Not in this case. “One Thing Remains” — an event filled with eucharistic adoration, confession and socializing with other young people — was all it took.
And a 54-seat bus wasn’t large enough to fit the rural youth hoping to attend this year’s event. Four additional cars were needed to do the trick.
Living hours outside of Kansas City didn’t stop them from making their way to “One Thing Remains,” which celebrated its fourth year on Dec. 30 at Blessed Sacrament Church in Kansas City, Kansas.
This year’s event drew some 350 people from across the archdiocese.
“It was definitely a team effort putting ‘One Thing Remains’ on,” said Liz Miller, Wyandotte County youth outreach coordinator.
The evening lasted from 5 to 10 p.m., offering a unique musical performance, eucharistic adoration with Archbishop Joseph F. Naumann and an opportunity for confession, all followed by a social gathering at ReachKCK.
Organizers went out of their way to ensure that anyone who wanted to attend was able to do so.
Rural youth outreach coordinator Angie Bittner and her team sent a bus to parishes that requested it, stopping at five total on the way to Blessed Sacrament.
“Logistically, they live far away from big events that happen in Kansas City or otherwise, and so we want to help remove that barrier for them,” said Bittner.
The need for additional cars, she said, was “an awesome problem” to have.
“The bus was about a three-hour ride, and it really wasn’t too bad,” said Braden Myers, a senior at Blue Valley High School in Randolph and parishioner at St. Columbkille Parish in Blaine.
“It is always fun to be able to pick up many parishes along the way and get to meet new friends and see new faces,” he added.
Miller noted the event’s goal of creating community, which forms when you bring people together from across the geographic regions of the archdiocese.
The event’s organizers made sure everyone’s journey was worth it. A rap performance by two special guests brought energy to the night and was the perfect way to meet these young people on their own turf.
“The performance by Father Pontifex and Yung PK was awesome! Their style of music was rap/hip-hop, and usually you don’t think of rap when listening to Christian music,” said Kylie Hutfles, a junior at Horton High School, and a member of St. Leo there.
“It was neat to listen to a different style while worshiping,” she continued. “Their music was fun, entertaining and everyone was rocking out all night long!”
“[The church] was meeting people on many different levels,” said Miller. “Kind of on a base level of music and rap, teens like that.”
“But then the invitation to go deeper into prayer and adoration was powerful,” she continued.
Eucharistic adoration with the archbishop was also a major highlight of this five-hour event.
“When [the archbishop] goes and does adoration with the Catholic schools in Kansas City, that’s such an incredible event,” said Bittner. “It was so cool for our kids to see that and be with him while we adored the Eucharist.”
For both Hutfles and Myers, adoration was the best part of the evening.
“This was my first time being at adoration with the archbishop, and it’s an experience I will always remember,” said Hutfles.
“During adoration, red and white cloaks run from the altar down to the front.
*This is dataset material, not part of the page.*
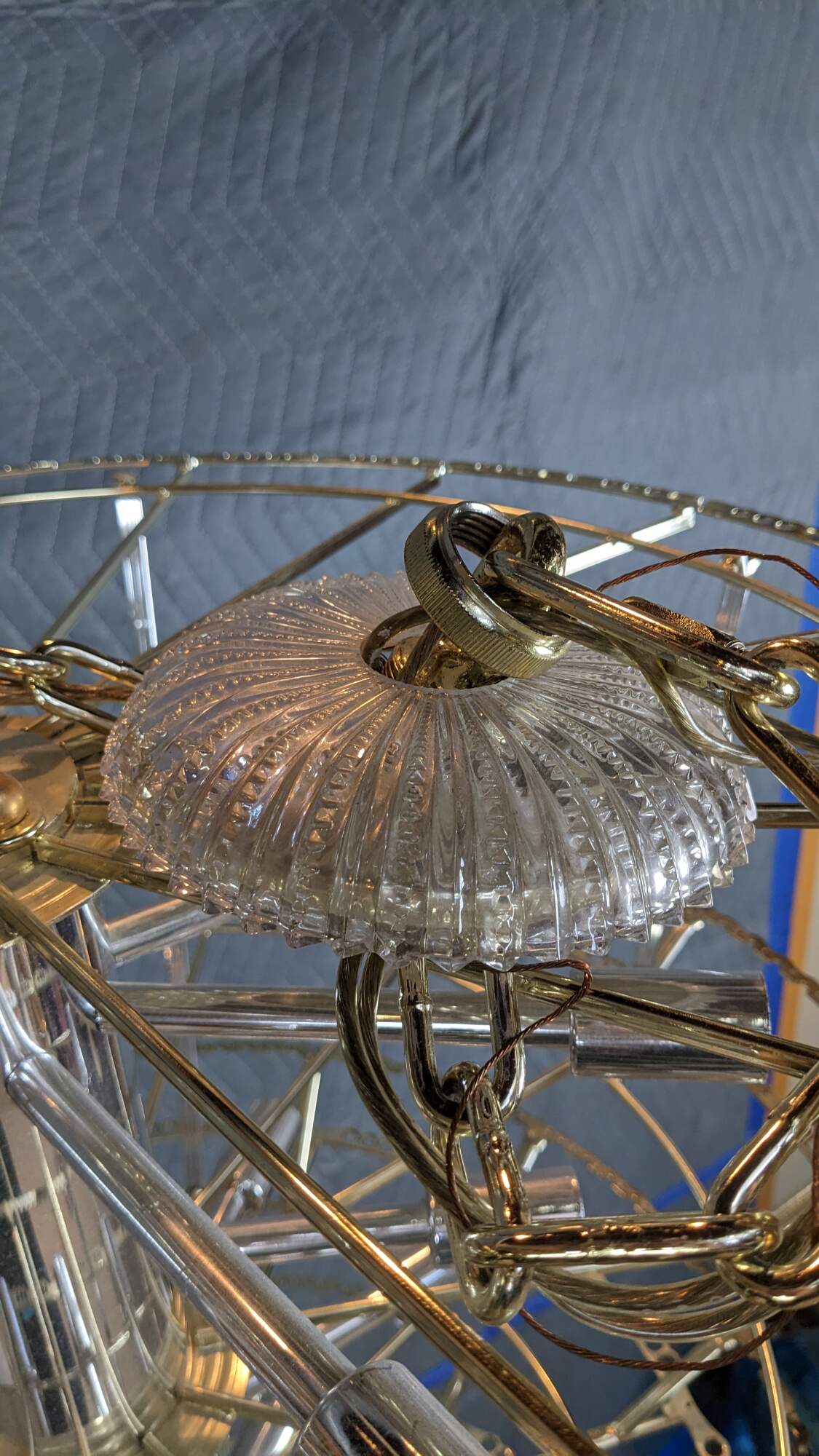 A timeless classic contemporary design featuring 8 tiers and 49 lights. Includes a crystal canopy

You could go touch the cloaks while kneeling,” she continued. “It was an amazing moment I would love to do again.”
“Every time I have heard the archbishop’s homily, it always touches me,” said Myers. “He does such a great job explaining things and letting everyone understand about adoration and why we have the great opportunity.”
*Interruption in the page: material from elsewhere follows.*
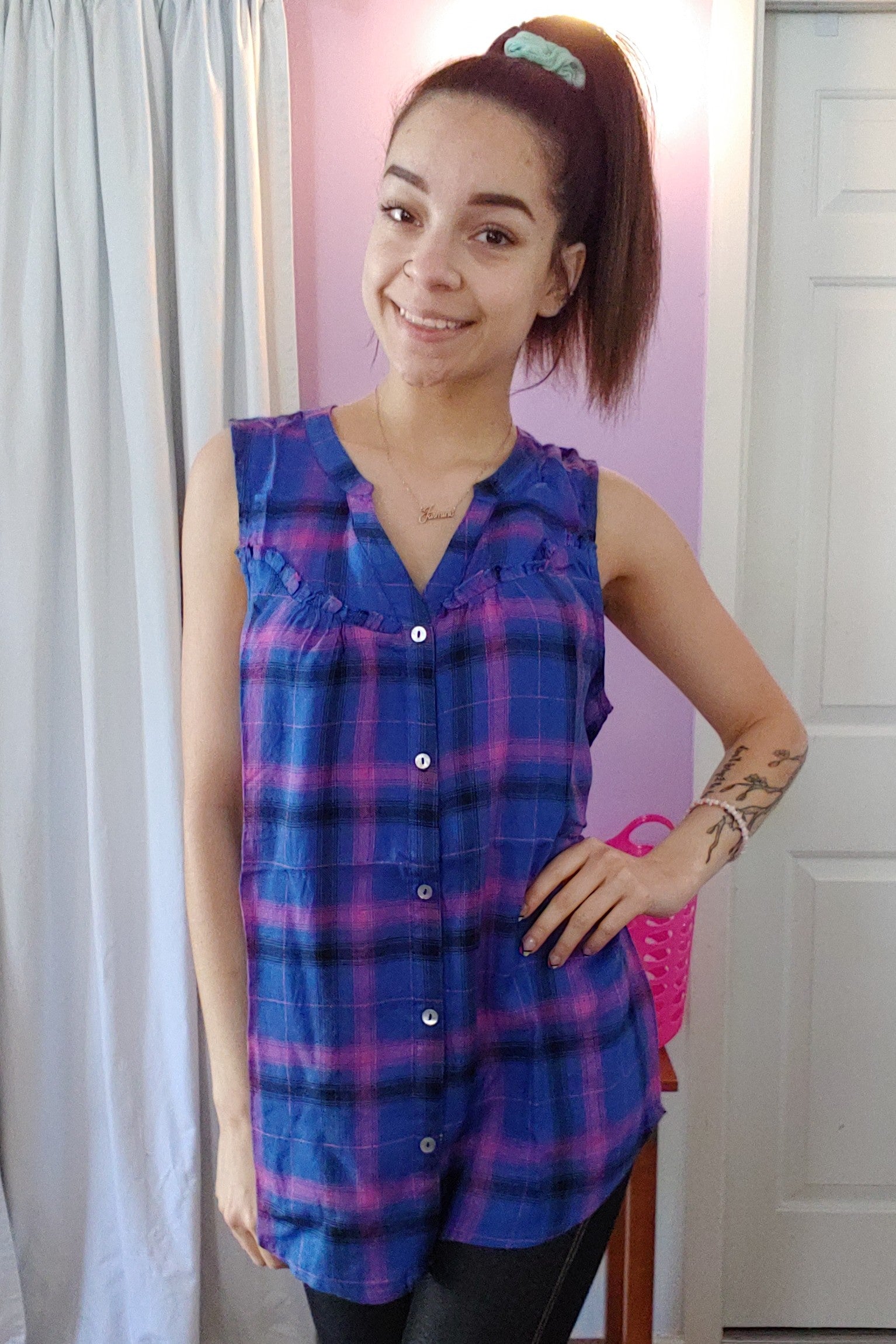 Sleeveless plaid button down top with a V-neck featuring back lace detail and a curved hemline. Fabric is soft and has good stretch.

After adoration, everyone was invited to ReachKCK for a reception with the opportunity to eat, hang out in the coffee shop and work on art projects.
Through this event, Miller hopes those who attended “feel a little bit more connected into the community of the church, that they came to know Jesus a little bit better.”
“They’re so appreciative of the chance,” said Bittner, “even on the bus. They got back at midnight, and that’s pretty hard to do. . . . So it is really building community among the people of the archdiocese, and the kids love it.”